Section 135 (80GG equivalent) of ITA 2025 can be claimed by individuals who: pay rent for residential accommodation; do not receive HRA or any rent-related benefit from their employer; and neither themselves nor their spouse, minor child, or HUF owns any residential property in the city where they reside and work. Self-employed professionals, freelancers, and salaried employees at companies that do not provide HRA are the primary beneficiaries. Form 10BA must be filed before claiming.
How is the Section 80GG deduction computed?
The deduction is the LOWEST of three factors: (A) annual rent paid minus 10% of Adjusted Total Income (ATI); (B) 25% of ATI; (C) Rs 5,000 per month = Rs 60,000 per year. ATI = Gross Total Income minus long-term capital gains minus all other Chapter VIII deductions. In practice, Factor C (Rs 60,000 annual cap) is almost always the binding constraint for urban taxpayers paying rent above Rs 5,000/month.

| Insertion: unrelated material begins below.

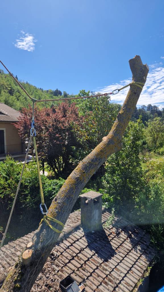 Laddove non è possibile operare con mezzi meccanici, interveniamo mediante tecniche di arrampicata su fune (tree climbing). Questo ci permette di muoverci all’interno della chioma e smontare l’albero “pezzo dopo pezzo”, calando ogni ramo a terra in modo guidato e controllato, evitando danni a tetti, recinzioni o giardini sottostanti.
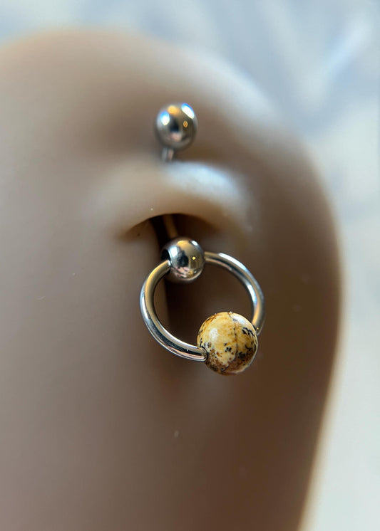 Picture Jasper Natural Stone Surgical Steel CBR Ring

What is Form 10BA and is it mandatory?
Form 10BA is a mandatory declaration that must be filed on the Income Tax Portal before claiming Section 80GG deduction. It states: landlord name and address, monthly rent amount, tenancy period, and a self-declaration confirming no owned residential property is available in the city. Without Form 10BA, the Section 80GG claim is disallowed during ITR processing. File Form 10BA before submitting the ITR.
Can I claim Section 80GG if I own a house in another city?
Yes. The restriction is only on owning residential property in the CITY where you currently reside and work. If you own a house in Chennai but live and work in Pune on rent, you can claim Section 80GG for the Pune rent -- because you do not own property in Pune. The owned Chennai house does not disqualify you for Section 80GG in Pune.
What is the maximum Section 80GG deduction?
The maximum is Rs 5,000 per month = Rs 60,000 per year, defined by Factor C of the three-factor computation. Even if Factor A (rent minus 10% ATI) or Factor B (25% ATI) is higher, the deduction cannot exceed Rs 60,000. This cap was set years ago and has not been increased despite significant rent inflation in Indian cities. For high-rent urban taxpayers, the Rs 60,000 maximum is far below the actual rent paid -- salaried employees should negotiate for HRA in their salary structure to access the more generous HRA exemption.